How to produce plots

How to run legend-data-monitor

After the installation, a executable is available at ~/.local/bin. To automatically generate plots, two different methods are available. All methods rely on the existence of a config file containing the output folder (output) where to store results, the dataset you want to inspect, and the subsystems (pulser, geds, spms) you want to study and for which you want to load data.
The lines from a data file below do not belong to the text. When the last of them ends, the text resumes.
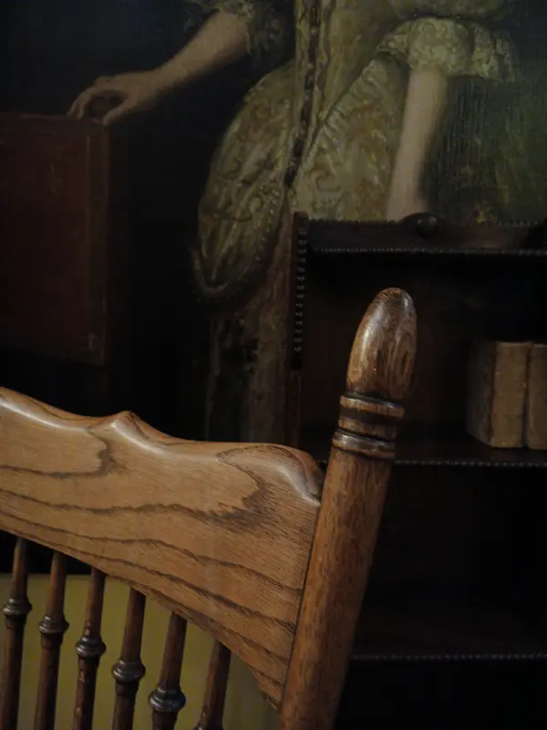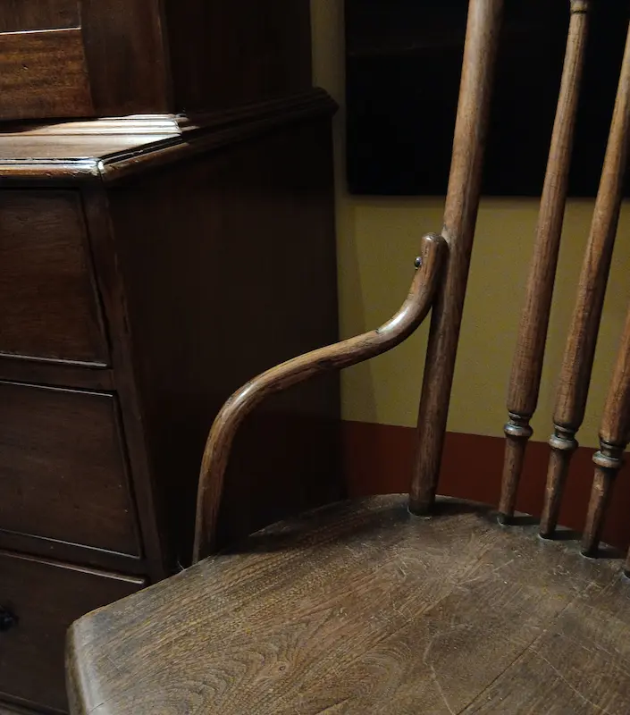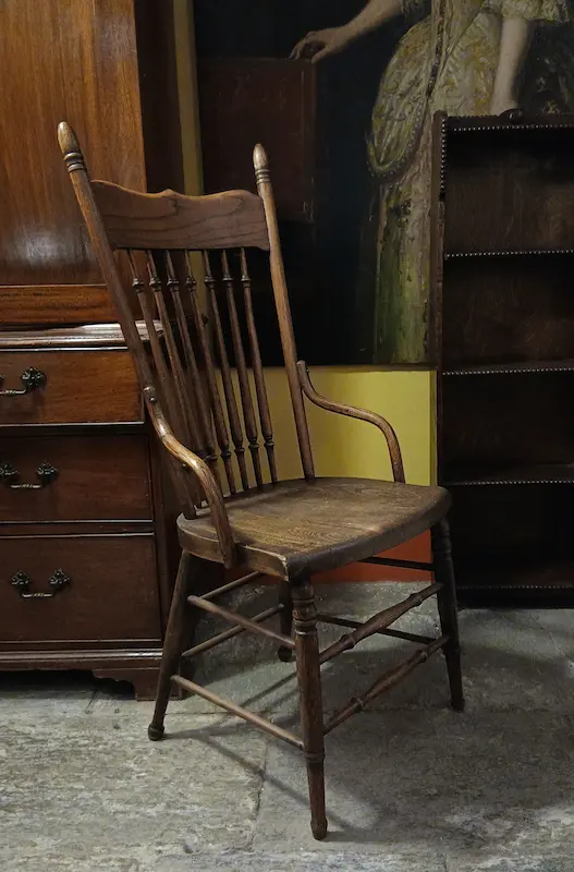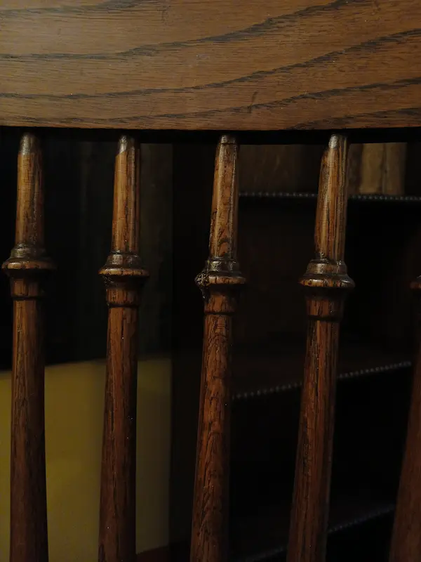 Sedia periodo Arts & Crafts con braccioli e schienale alto a doghe, in rovere, riprende lo stile di William Russell Birch.
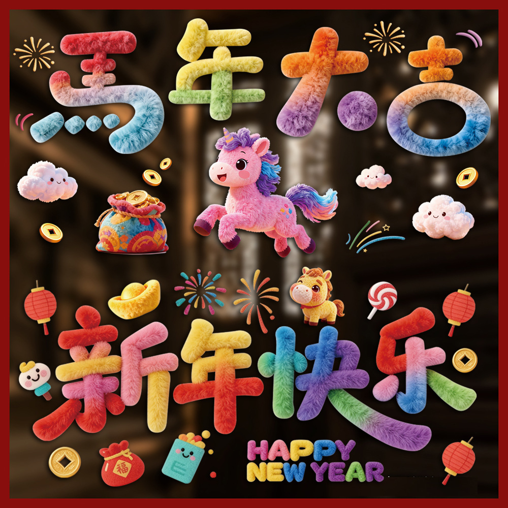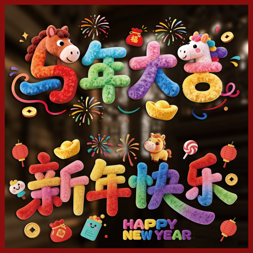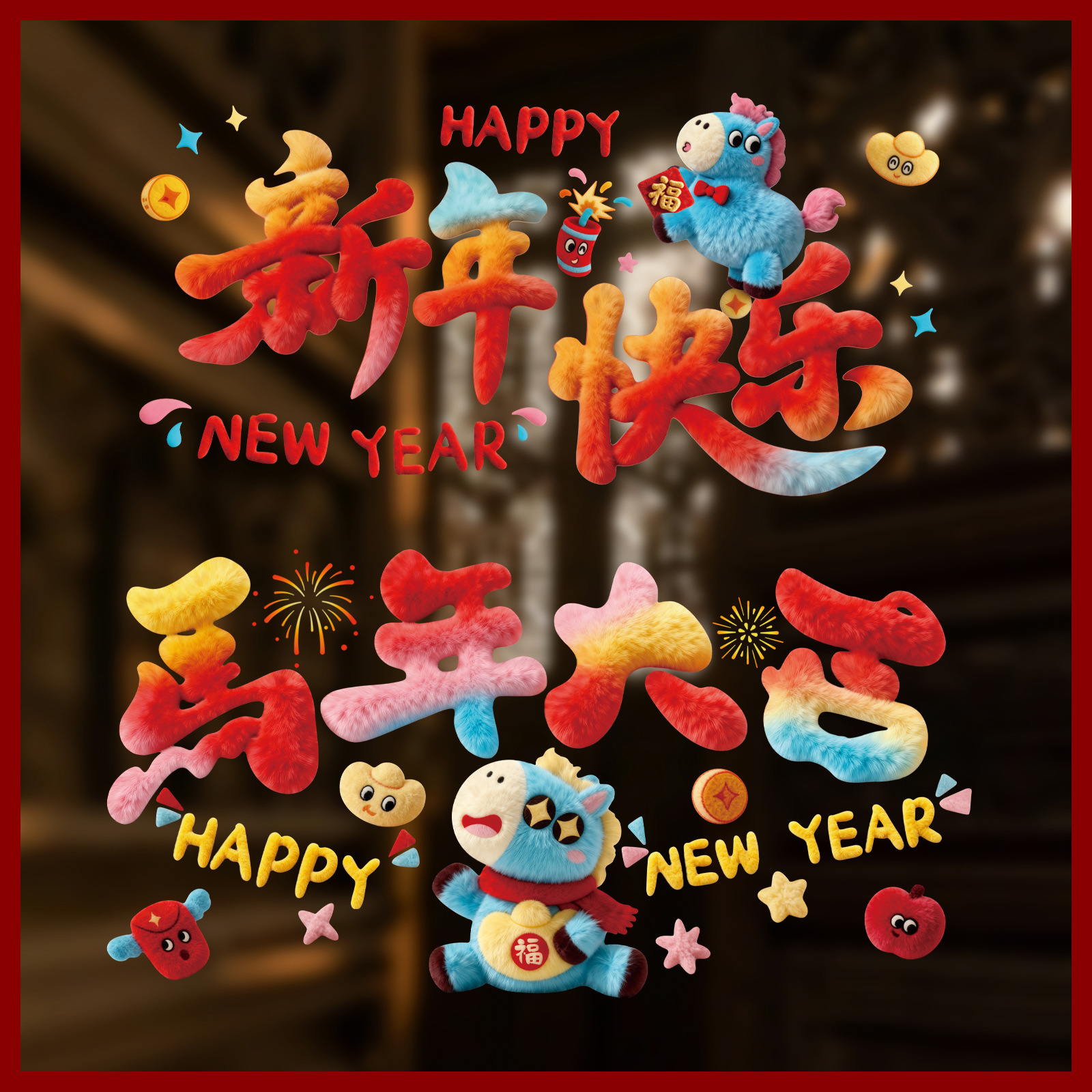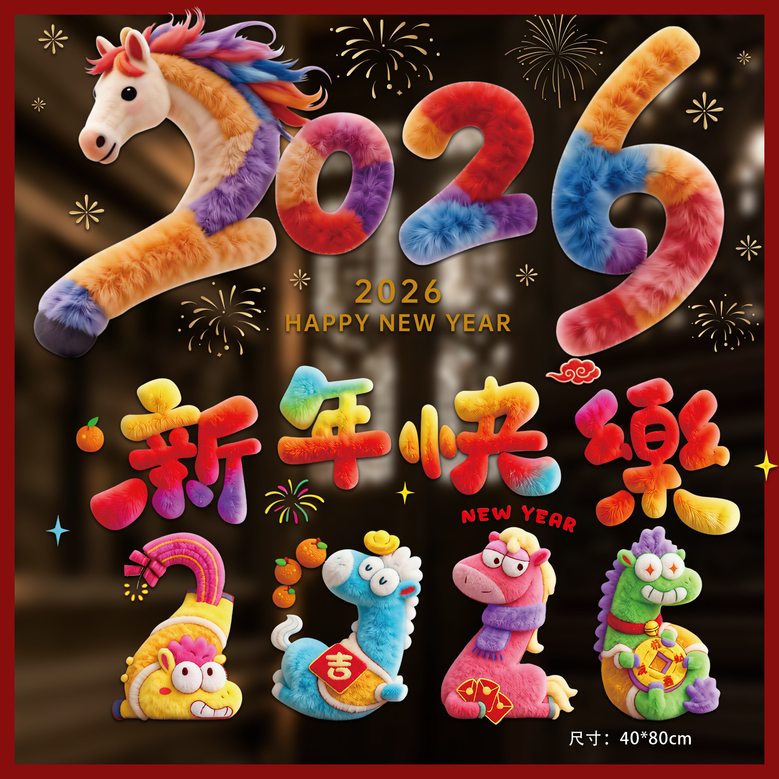 2026新年5D毛绒效果静电贴毛绒效果玻璃贴春节橱窗玻璃贴纸窗花
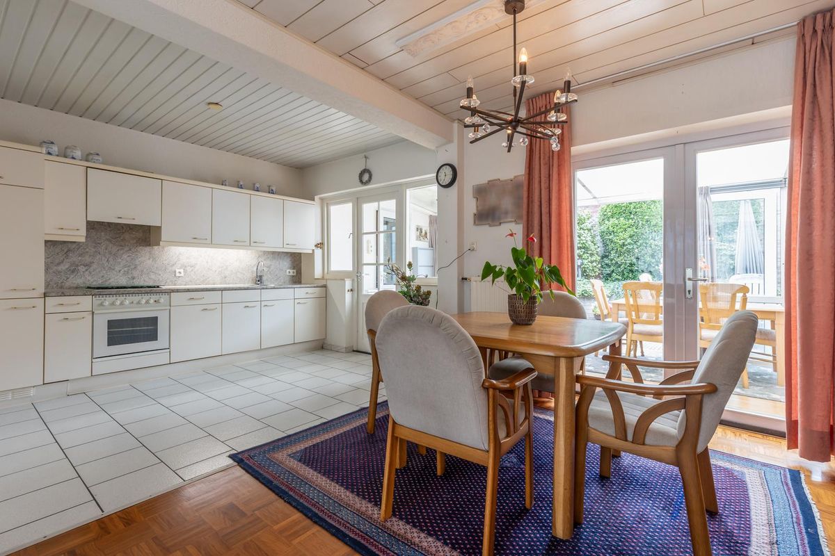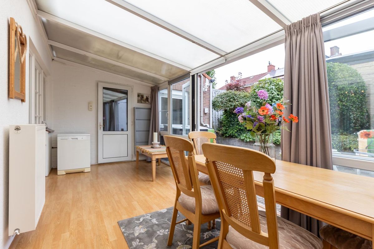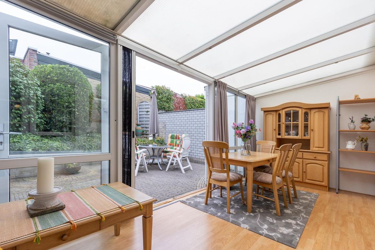 De tuinkamer heeft openslaande deuren naar de tuin en grote ramen zodat men mooi zicht heeft op de tuin.
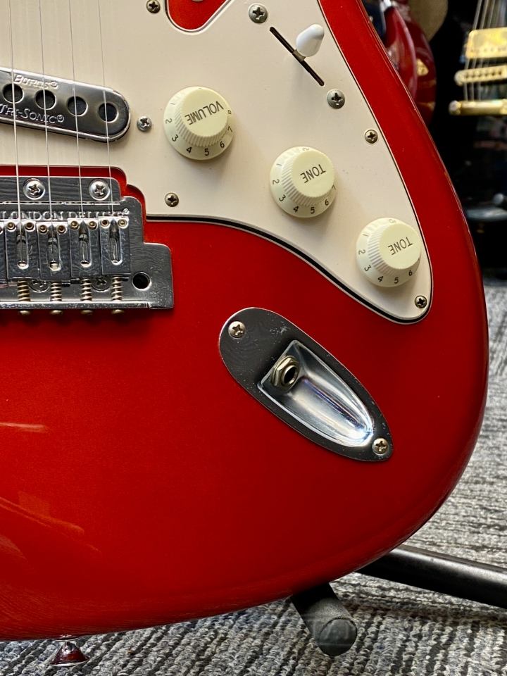 The unique pickguard design that covers the entire body gives it a unique flair that's different from American or Japanese guitars.
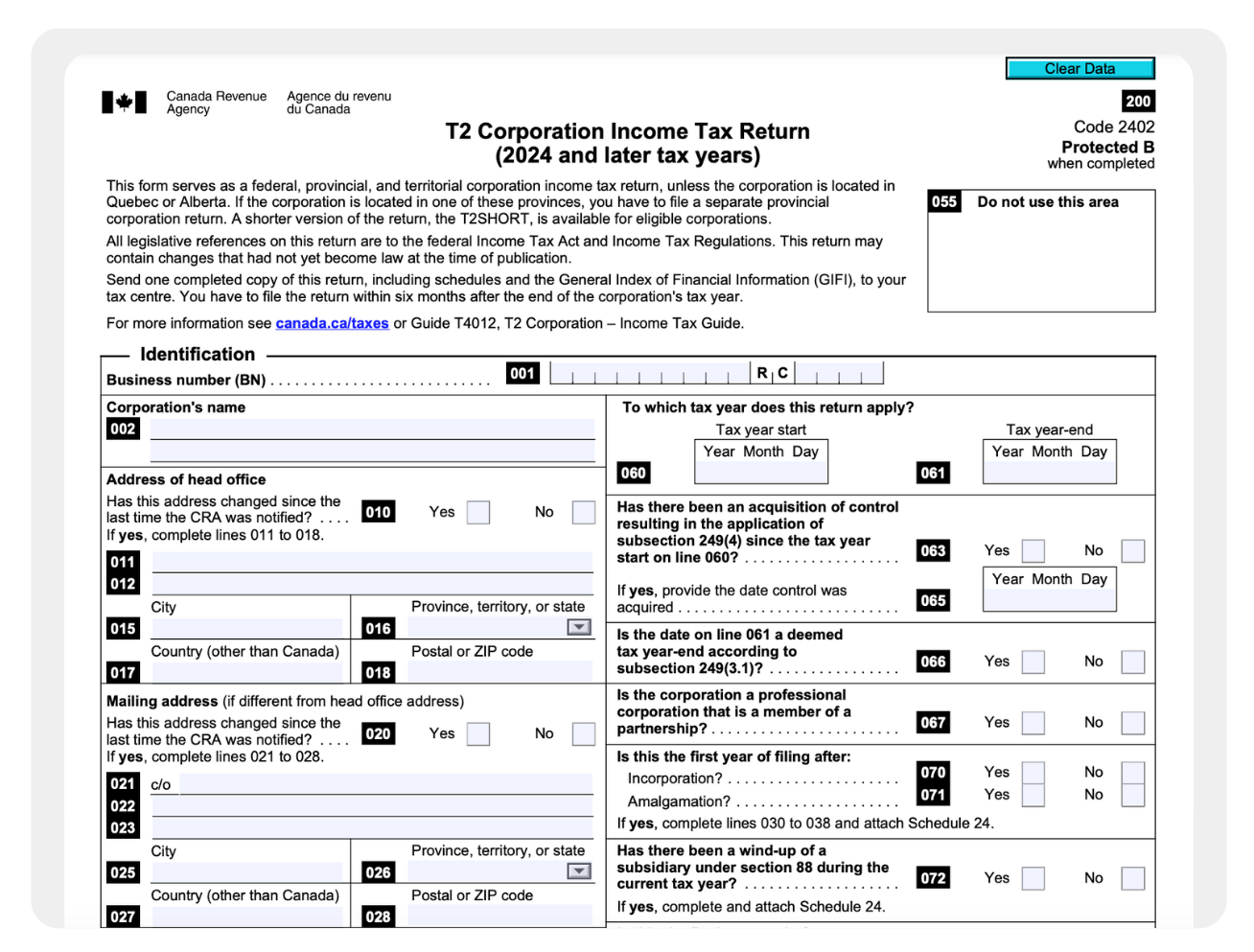 Every Canadian corporation must submit a T2 Corporate Income Tax Return yearly—even if inactive. The T2 includes details on your canada business income tax, expenses, and deductions.
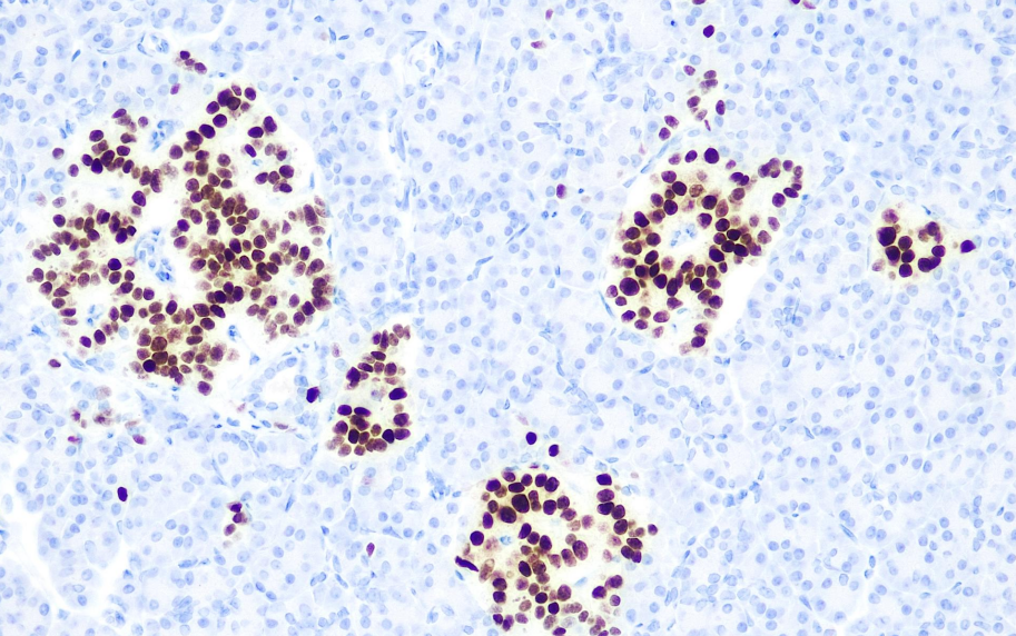 The INSM-1 gene is located on chromosome 20p11 and is also known as KLF16. It was first reported in 1992 and is a zinc finger protein with DNA-binding transcriptional regulatory functions. It plays a significant role in neurogenesis and neuroendocrine differentiation and can serve as a broad-spectrum neuroendocrine marker. The sensitivity is comparable to Synaptophysin and CD56, and superior to Chromogranin A.
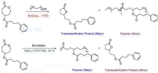 Most ROP strategies have focused on polymerizing unsubstituted CL monomers rather than substituted ones. However, a catalytic system that can effectively polymerize both substituted and unsubstituted ε-CL monomers is desirable for practical applications. Rare earth metal catalysts have been gaining attention recently due to their high reactivity, nontoxic nature, and mild reaction conditions [,,,,]. In particular, Neodymium (Nd) complexes containing ligands such as—alkoxides, phenolates, and iminophosphoranes have exhibited excellent catalytic activity in the ROP of cyclic esters [,,]. Using this catalytic system, the transesterification of PCL can be reduced by the incorporation of bulky ligands into the metal center []. Stefan et al. used an Nd catalytic system to polymerize ester-functionalized CL monomers. Here, they studied the catalytic activity of a newly developed Nd-based catalytic system, NdCl3·3TEP/TIBA (TEP = triethyl phosphate, TIBA = triisobutylaluminum), to polymerize γ-4-phenylbutyrate-CL, a prodrug monomer and compared it with the traditional Sn(Oct)2 catalytic system. They observed a relatively higher conversion rate of the monomer leading to higher molecular weight and relatively lower transesterification when compared to the polymer synthesized with tin catalyst (Figure 3) [].
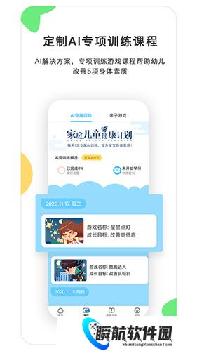 1、软件定制强大的AI训练课程,能有效提升儿童五项身体素质,让宝宝能够茁壮成长。

See next section for more details.

You can either run the code by importing the legend-data-monitor module:

import legend-data-monitor as ldm
user_config = "path_to_config.yaml"
ldm.control_plots(user_config)

Or run it by parsing to the executable the path to the config file:

$ legend-data-monitor user_prod --config path_to_config.yaml

If you want to inspect bunches of data (e.g. useful to avoid the process to get killed when loading lots of files), you can use

$ legend-data-monitor user_bunch --config path_to_config.yaml --n_files N

where N specifies how many files you want to inspect together at each iteration e.g. N=40.

You can also run a full cal/phy inspection for a given period and run and produce some output plots via the following line:


$ usage: legend-data-monitor auto_run [-h] [–cluster CLUSTER] [–ref_version REF_VERSION] [–output_folder OUTPUT_FOLDER] [–data_type DATA_TYPE]

[–partition PARTITION] [–pswd PSWD] [–sc SC] [–port PORT] [–pswd_email PSWD_EMAIL] [–chunk_size CHUNK_SIZE] [–p P] [–r R] [–escale ESCALE] [–pdf PDF]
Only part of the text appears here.